→ **INSTRUCTIONS FOR THE TASK**
Could you give the data that follows again exactly, without its pictures?

→ **SUPPLIED DATA**
::::
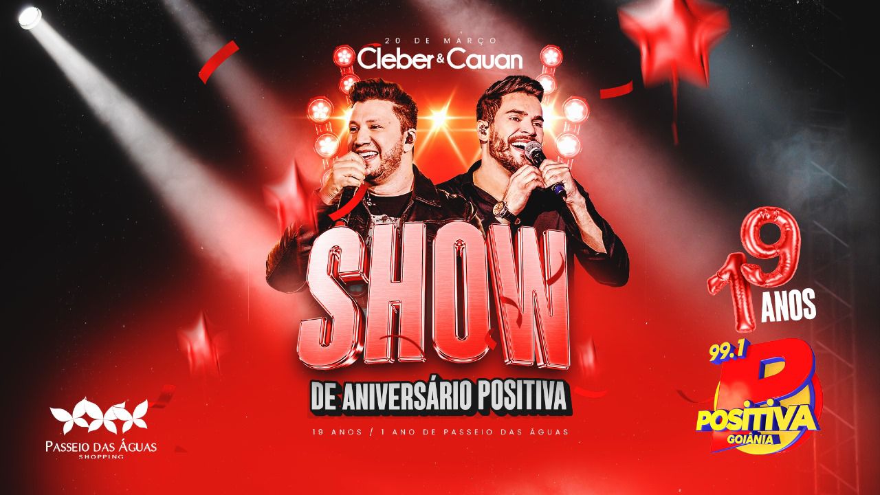 Positiva FM comemora 19º aniversário e 1 ano no Passeio das Águas Shopping com show de Cleber & Cauan
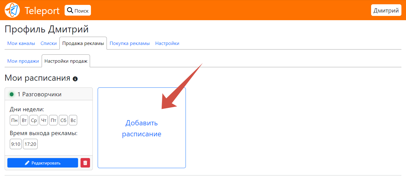 Раздел "Настройка продаж" - Мои расписания
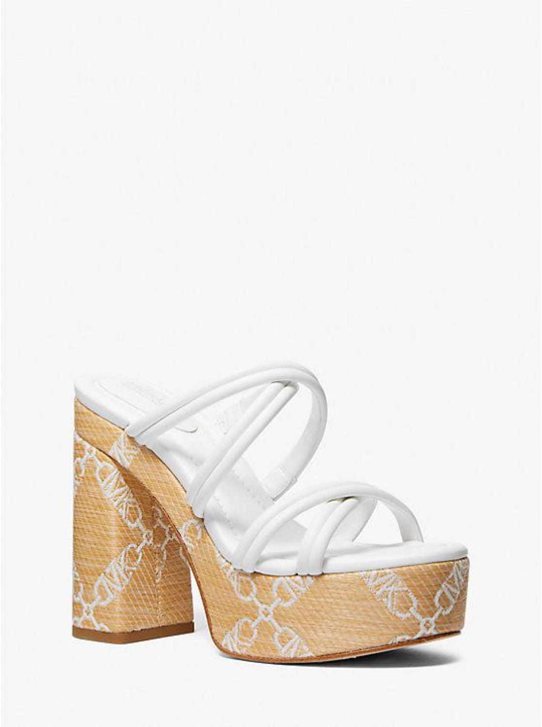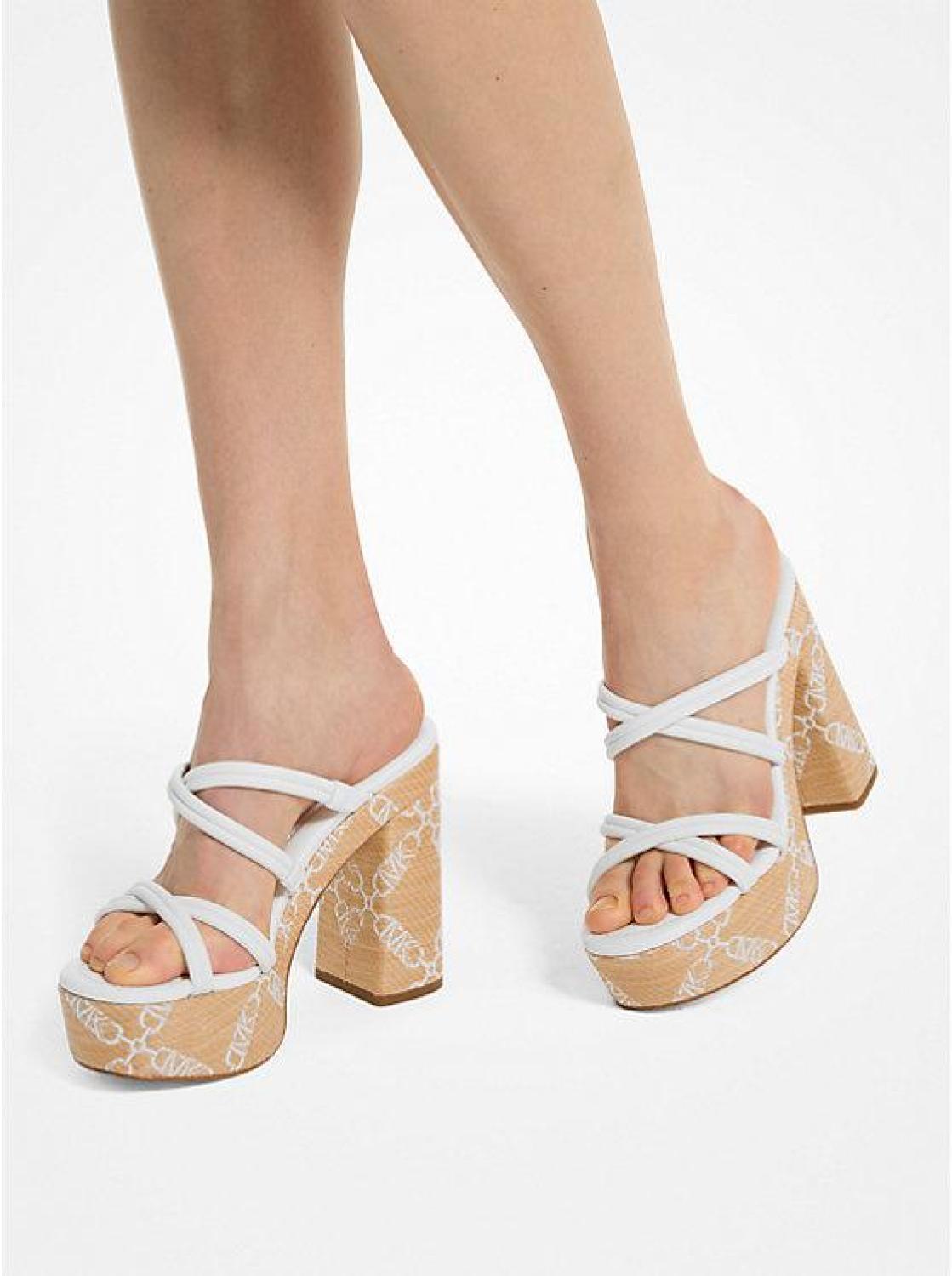 Corrine Empire Logo Jacquard Straw Platform Sandal
::::
→ **RESULT**
 Positiva FM comemora 19º aniversário e 1 ano no Passeio das Águas Shopping com show de Cleber & Cauan
 Раздел "Настройка продаж" - Мои расписания
 Corrine Empire Logo Jacquard Straw Platform Sandal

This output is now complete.